The Bill Clinton era
Last time the American government made more money than it spent was in 1998, when Sec. Hillary Clinton’s husband, Bill, was president.
While running against Barack Obama for the 2008 presidency, Sec. Clinton hinted that she would borrow portions of her husband’s budget plans if elected. During her 2016 presidential campaign, she hasn’t said anything to suggest she thinks differently.
“We don’t have to go back very far in our history, in fact just to the 1990s, to see what happens when we do have a fiscally responsible budget that does use rules of discipline to make sure that we’re not cutting taxes or spending more than we can afford,” Clinton said at the 2007 Des Moines Register Democratic Debate. “I will institute those very same approaches.”

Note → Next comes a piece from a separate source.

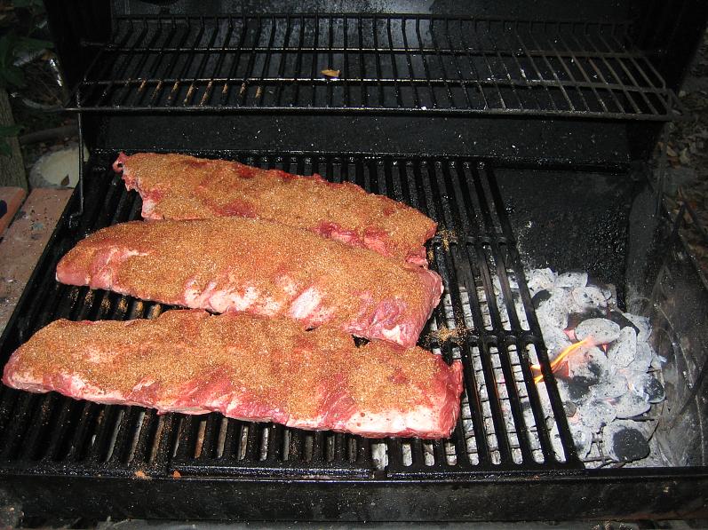 a rack of loin baby back pork ribs. Built a fire of pecan limbs and then covered the coals with charcoal.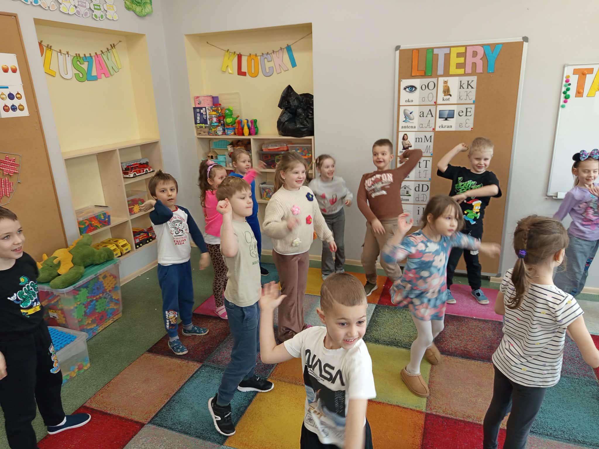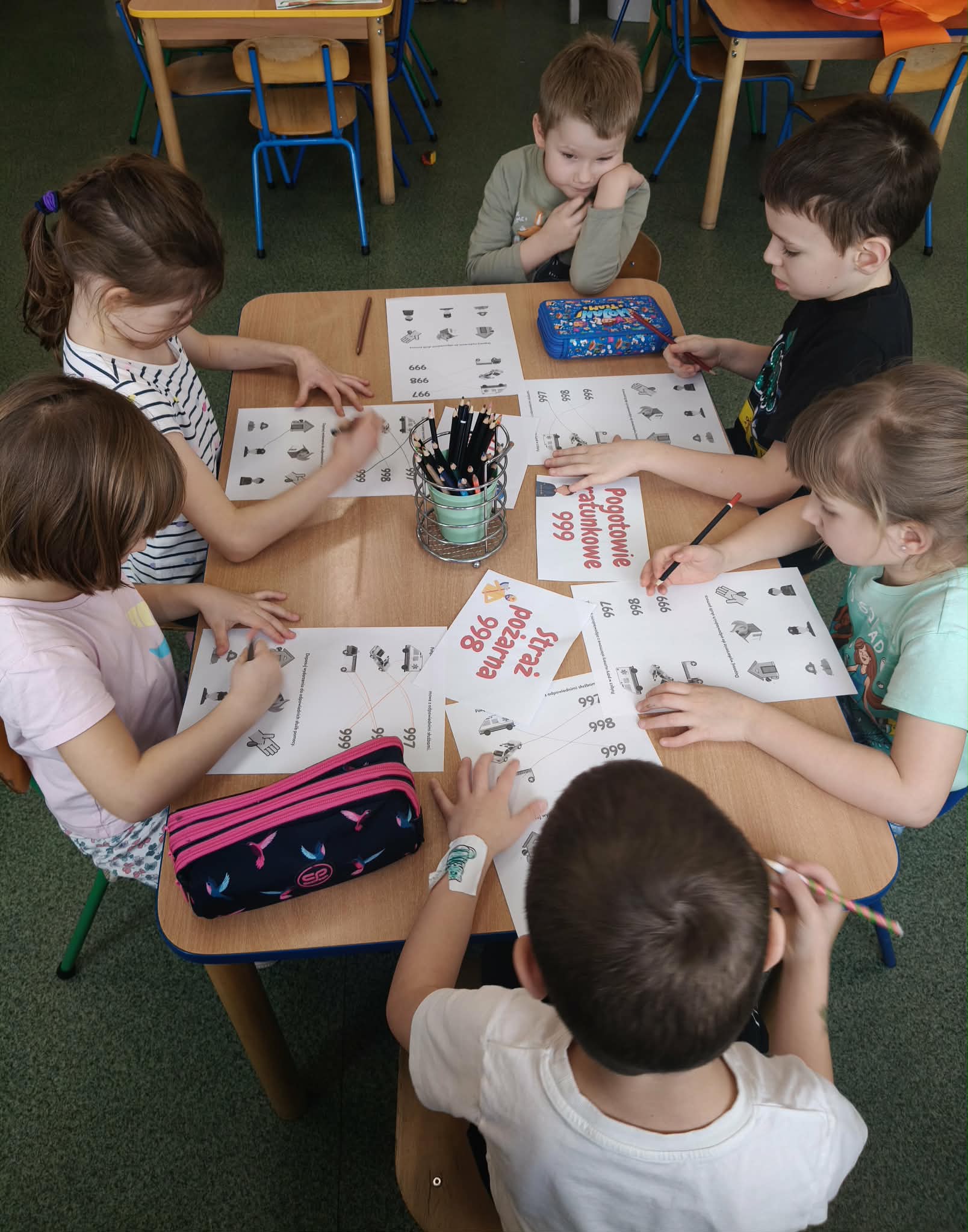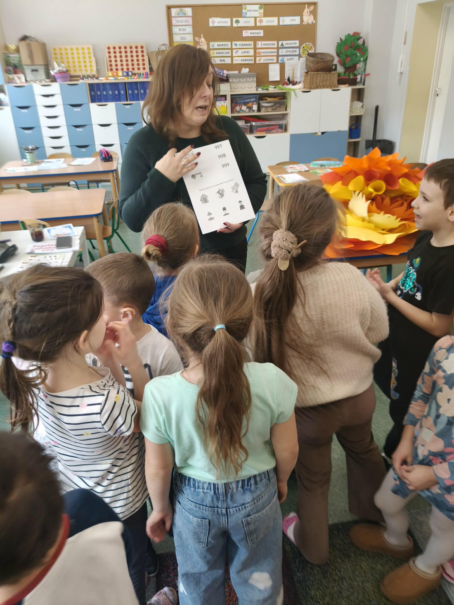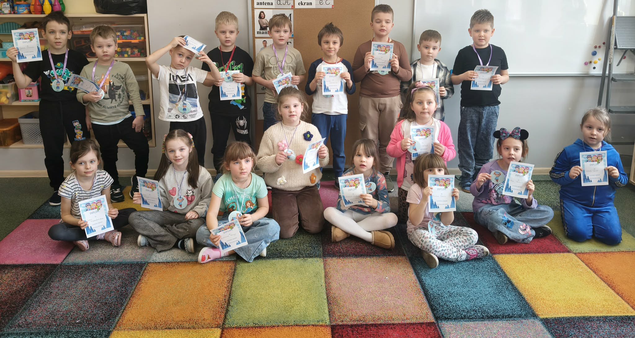 W dniu dzisiejszym dzieci z grupy VII "Żabki" i IX "Zajączki", uczestniczyły w zajęciach dydaktycznych, które dotyczyły zachowania zasad bezpieczeństwa podczas nadchodzących ferii zimowych. Dzieci podczas zajęć przypomniały sobie jak należy zachować się w różnych sytuacjach, tj.: bezpieczeństwo podczas zabaw zimowych (zjeżdżania na sankach, jazda na łyżwach, rzucanie się śnieżkami, itp.), zachowanie w domu, gdy jesteśmy sami, spotkanie osoby nieznajomej. Przedszkolaki przypomniały sobie również numewry alarmowe. Wykonywały próby połączenia się z dyspozytorem, w formie zabawy dramowej. Uczestniczyły w zabawie ruchowo-naśladowczej do utworu "Bezpieczne ferire".Dzieci wykonały kartę pracy przy stolikach, utrwalając sobie numery alarmowe i jakie słóżby można wezwać korzystajac z wybranego numeru. Na zakończenie zajęć, każdy uczestnik otrzymał dyplom za udział oraz medal. Dzieci mogły przypominać sobie omówione podczas zajęć zasady, oglądając gazetkę poświęconą temu tematowi.

During the 1990s, her husband’s budget proposal depended largely upon the Omnibus Budget Reconciliation Act, also known as the Deficit Reduction Act. Narrowly passed in 1993, it boosted income taxes for those making more than $115,000 from 31 to 36 percent and raised the income tax ceiling to 39.6 percent for those making over $250,000. Additionally, it increased corporate income tax from 34 to 36 percent.
Income taxes
In line with the Deficit Reduction Act in 1993, Clinton wants to increase income taxes on individuals and businesses. However, she plans on doing it a little differently than her husband did. According to her proposed tax brackets, those making over $5 million would be taxed at 43.6 percent as opposed to 39.6 percent.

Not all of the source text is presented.